After a week of boring range trading, the pair rose earlier to 1.2855 where it met the Weekly R1. This was the highest price since August 19. Despite the pull back after we hit the Weekly R1, the Euro is still trading more than a 120 pips above today’s opening price, the biggest daily gain in almost a month. Looking ahead, I would expect to see the current rally extend as high as 1.2900’s. Also watch for 1.2780 as an important level of support; it is both the old trend high for the recent rebound as well as the 38.2% retracement of today’s 1.2663/1.2855 range.
Here’s my 4 hr chart. Good luck trading!

Well it looks like my bias for more of a down move on the EUR/USD below the 1.2600 level has not come into being just yet. The pair is still continuing to consolidate and shake out the longer-term short trades (mine included) as it inches is way above the 1.2700 level. Lots of resistance to be had up above, but since we are at the end of the week, I’m taking the next day off while this currency pair makes up its mind with regards to the next trend.
Anytime you are in a ranging market, daily pivot points work quite well at predicting price action. As I mentioned in my post below, I have been looking for opportunities to short this pair all week, so I wanted to share how well the daily R1 worked for me at picking price levels at which to enter the market. On Tuesday the weekly S1 and daily S1 combined to give me a decent buy level, but I also waited for it to also reach the daily R1 at which time I closed that position and entered a new short position. Being adaptable is the new of the game. Here’s a pick. Post questions below!

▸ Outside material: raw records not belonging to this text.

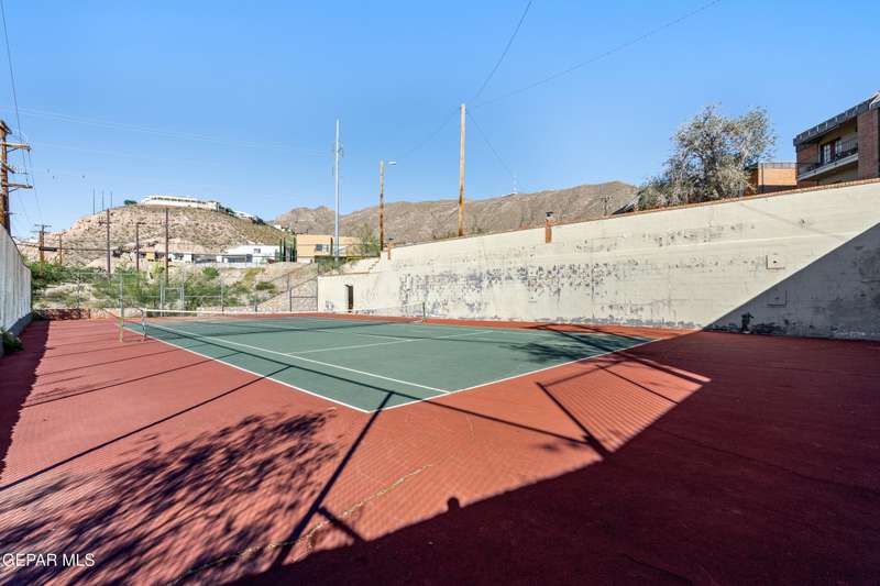 This beautifully updated condo in the desirable Stanton Condominiums offers modern comfort and stunning views of the city and mountains. The light-filled great room creates a welcoming atmosphere, while the updated kitchen features bright cabinetry, granite countertops, and stainless steel appliances. Ample closet space and refrigerated air ensure year-round comfort. Ideally located near UTEP, Mesa Street venues, shopping, dining, and entertainment; this home provides both convenience and quiet living with amazing mountain views and a large balcony. The community offers swimming pool conditioned for physical training as well, a fitness center, tennis court, clubhouse, grill areas and gated entry. You get 2 assigned parking spaces and super convenient elevator included. HOA covers gas, water, trash, roof, and exterior maintenance for convenient, low-maintenance living. You only pay electricity. HOA pays for pool and amenities maintenance, condo water and gas.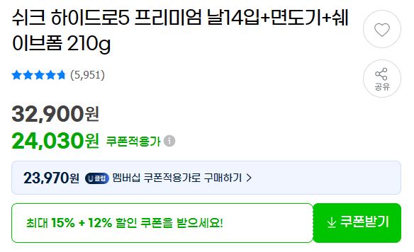 쉬크 하이드로5 프리미엄 세트 할인 정보 포스팅입니다.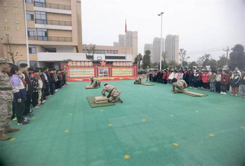 喜报进校园榜样励童心。上午 9时,活动在铿锵有力的口号声中拉开帷幕。8名新兵教官迈着整齐的步伐、喊着嘹亮的口号登场,进行队列科目展示。摆臂划一、步伐铿锵、身姿挺拔,教官们标准的动作、严谨的作风、昂扬的精神风貌,让现场师生们目不转睛,每一个整齐的队列变换,都赢得了同学们阵阵热烈的掌声。
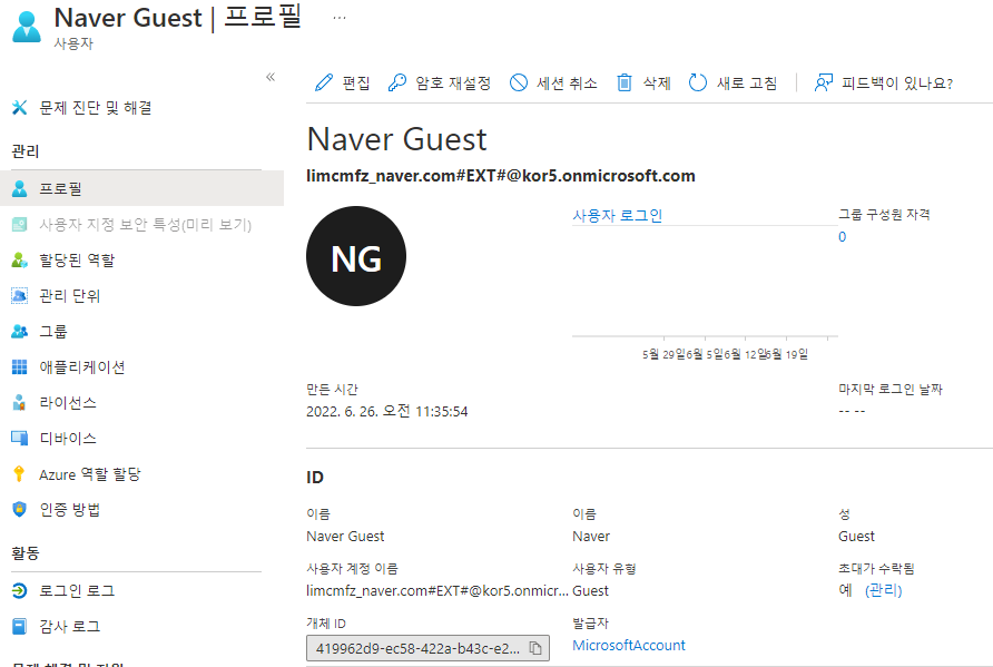 3. 초대된 사용자는 사용자 유형이 게스트 입니다.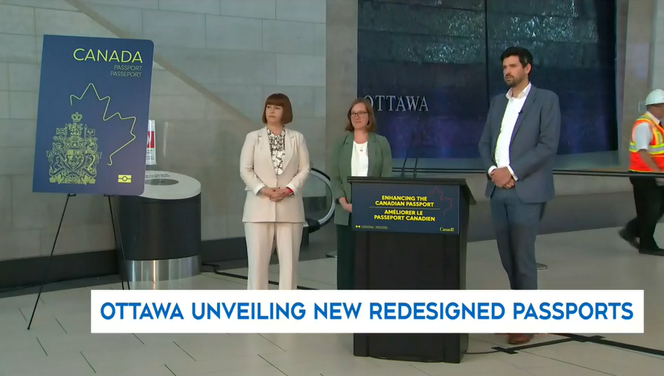 加拿大移民部长肖恩·弗雷泽(Sean Fraser)在渥太华国际机场举行的新闻发布会上出席了新护照的揭幕仪式,该护照自2013年以来一直在筹备中。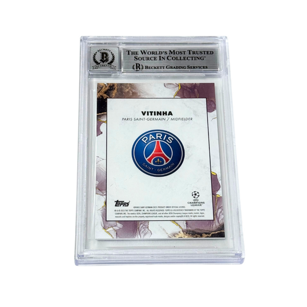This is a Vitinha Signed 2022-23 Topps Inception UCC /99 Green #113 - BGS 10 Autograph. THE ITEM IN THE PICTURE IS A STOCK IMAGE. YOU WILL RECEIVE AN IDENTICAL ITEM OF EQUAL QUALITY. ALL JERSEYS ARE SIZE LARGE. Every item of signed memorabilia we sell is official and of the highest quality. We pride ourselves on providing sports fans with the most exclusive signed memorabilia on the market. We are an industry leading signed memorabilia company who can guarantee 100% authenticity on every signature we sell. The item you receive will be identical to the one you are seeing in the stock pictures. This includes the item, the authentication company, signature color and signature placement. We take pride in ensuring the authenticity of all our items. With unwavering commitment, we guarantee that every signature is 100% authentic. Every item of signed memorabilia comes with a scannable barcode which takes you to the certificate of authenticity on the company's website. These industry leading authentication companies include Beckett Authentication Services, James Spencer Authentication Services and Professional Sports Authentication Services.

For more about using Pivot Points, check out this brief lesson: Pivot Points

UPDATE: 8-25-2010
I am still short on the EUR/USD as it still appears to be a bearish trending market as of this writing. Here are two more pics of my graphs. This first pic shows that a bearish engulphing candlestick has formed on the 4 hr chart and our moving averages are still far enough apart to indicate the bearish momentum is still decent.

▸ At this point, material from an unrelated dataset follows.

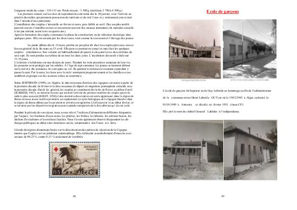Selon JESPERSEN( 1949), en Algérie, la date moyenne d ' arrivée des cigognes est notée à partir de la première décade de février et la date moyenne de départ en migration postnuptiale coïncide avec la première décade d ' août. En général, les couples se constituent dès la fin de l ' hiver, au début d ' avril( SCHIERER, 1967), ou dans les 8 jours qui suivent l ' arrivée du premier membre du couple qui est le mâle le plus souvent( BOUET, 1950). Cette dernière observation est notée également dans la région de Batna où nous avons noté les premiers accouplements Le cycle biologique de la Cigogne blanche dans la région de Batna débute par les premières arrivées enregistrées à la fin janvier et au début février, et se termine par les départs en migration post nuptiale enregistrés de la fin juillet jusqu ' à la mi-août.
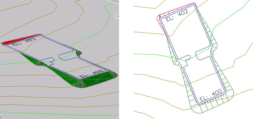 台阶式偏移要素线已放坡到 EG 曲面。请注意,挖方和填方坡度分别以红色和绿色显示时,放坡组内部仍有开放区域。在下一练习中,您将学习填充这些区域并应用相应的放坡样式。

Also lets see what forms of support might account for this period of consolidation that we are in. The answer is once again a fib level my friends. Here’s my daily chart where you will see that we are right around the 50 fib level from the recent May to August rally.

So I would watch today’s price action real close to see if the current 1.2720/1.2600 range is broken and use that to predict the next direction of this pair. If we can close above 1.2690/1.2700 at the end of the NY session, then I’d say we might see a reversal of the trend, but if not I would say we are headed lower, perhaps the lower 1.2400’s right around the 61.8 fib level on the daily chart.
To learn more about these indicators, follow these links: Fibonacci Made Easy, Moving Averages, The Alligator
I love it when a plan comes together! The trendline that I’ve been posting about and following since the end of June when bullish momentum took charge over the EUR/USD pair, was finally broken today as a result of both profit taking ahead of the U.S. FOMC meeting and and abysmal Q2 Non-Farm Productivity figures (biggest decline since Q3 2008). As a result of that trendline break we saw strong selling pressure that was met with slight support around the 200 MA and weekly S1. The retracement went right up to my red MA (which provides support/resistance in strong trending markets) as well as the 50 fib level. God I love fib levels more and more. Once the retracement was laid to rest we’ve seen price action drop even farther as low as 1.3072 as of this writing. I provided a picture of my chart to show the technicals mentioned above. Hope everyone finds it useful. Feel free to leave me any questions or comments.

Well the numbers are in and as expected the unemployment rate held steady at 9.5%. June private sector jobs were revised much lower, to +31,000 from +83,000 previously! Total non-farm payrolls were revised lower to -221,000 in June, from -125,000 previously. All in all this was not a good sign of the times here in the U.S.
I’ve attached a photo of the trade setup that I took on the EUR/USD. Whenever trading the NFP, I always let the market choose a direction first, then wait for a retracement to begin and use my fib levels to determine my actual entry. In this case the momentum was very strong and so our retracement was very weak, only reaching the 23.6 level before taking back off again. This is the 5 min chart, my preferred chart for volatile news event trades.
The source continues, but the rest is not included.